_Prompt_
Reproduce the opening lines of the listing below exactly, stopping after the line that contains "Kreator, los indiscutibles" and leaving out any pictures.

_Source data_
+===+
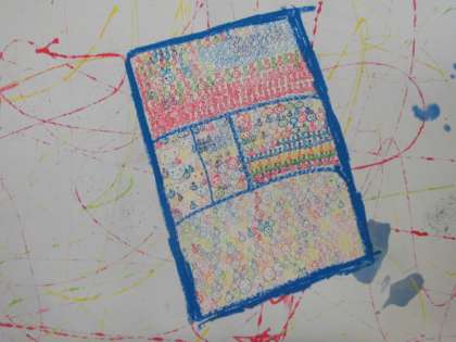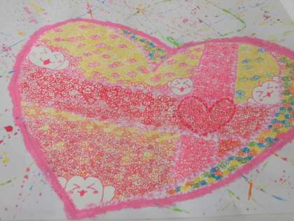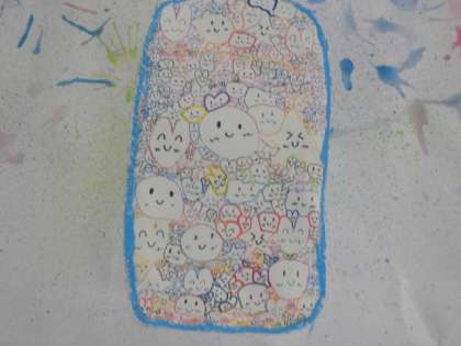 4年生の図工の作品です。よく見てみると細かい絵がぎゅうぎゅうに詰め込まれています。非常に根気のいる作業だと思いました。子どもたちが集中して取り組んでいたようすが目に浮かびます。
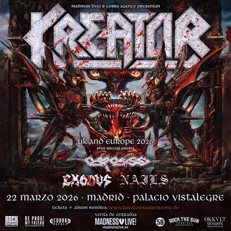 Kreator, los indiscutibles amos del thrash europeo, lideran esta tempestad de riffs y furia. Con más de cuarenta años de carrera, himnos que han definido generaciones como “Violent Revolution”, “Pleasure to Kill” o “Enemy of God”, y un directo que arde como pocas bandas en el planeta, Mille Petrozza y los suyos prometen un asalto total que no dejará piedra sobre piedra.
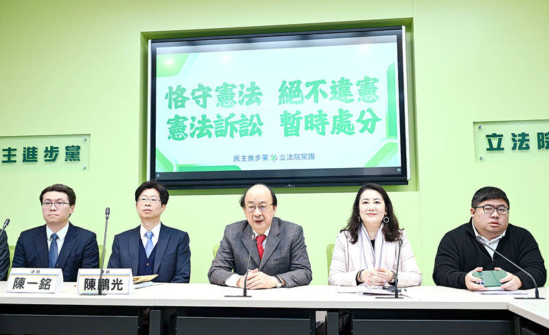 The DPP would file for a court injunction to stop the budget amendments from going into effect as well as request a constitutional interpretation on whether the KMT contravened the state laws governing legislative procedures, DPP caucus whip Ker Chien-ming (柯建銘) said, citing multiple process concerns, such as failing to allow time for deliberation and review.
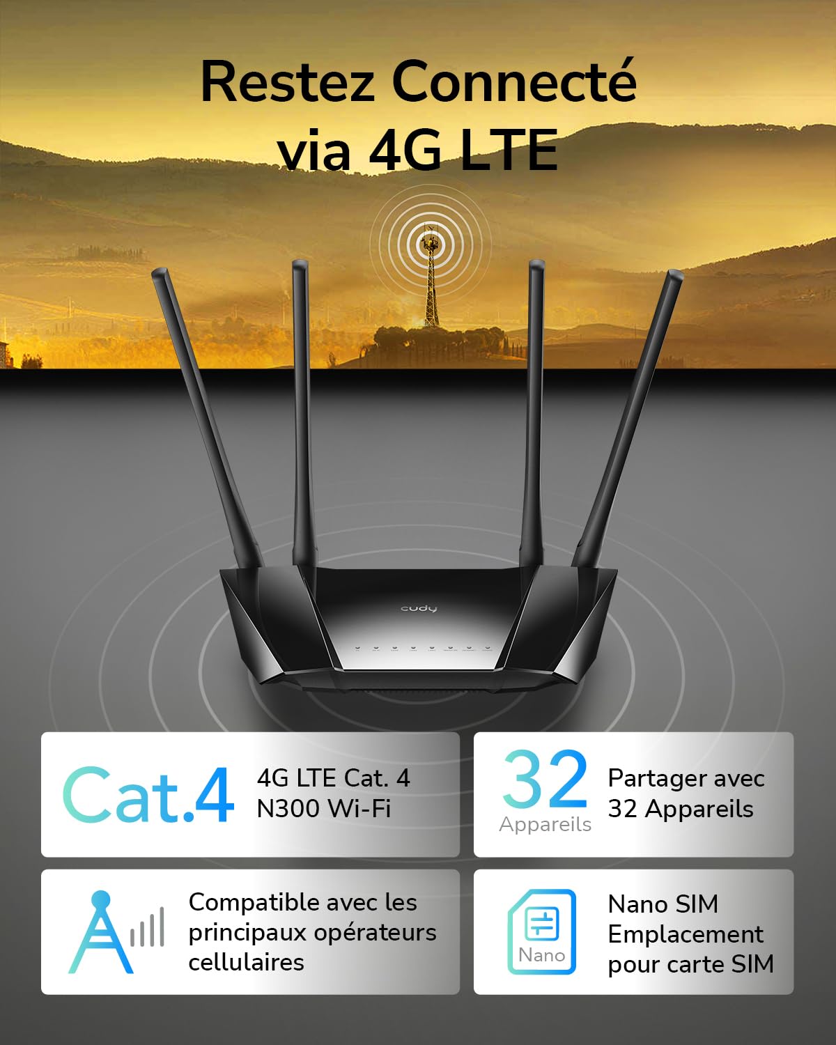 ✔ Connectivité 4G LTE Cat4 ultra-rapide
+===+
_The answer_
 4年生の図工の作品です。よく見てみると細かい絵がぎゅうぎゅうに詰め込まれています。非常に根気のいる作業だと思いました。子どもたちが集中して取り組んでいたようすが目に浮かびます。
 Kreator, los indiscutibles amos del thrash europeo, lideran esta tempestad de riffs y furia. Con más de cuarenta años de carrera, himnos que han definido generaciones como “Violent Revolution”, “Pleasure to Kill” o “Enemy of God”, y un directo que arde como pocas bandas en el planeta, Mille Petrozza y los suyos prometen un asalto total que no dejará piedra sobre piedra.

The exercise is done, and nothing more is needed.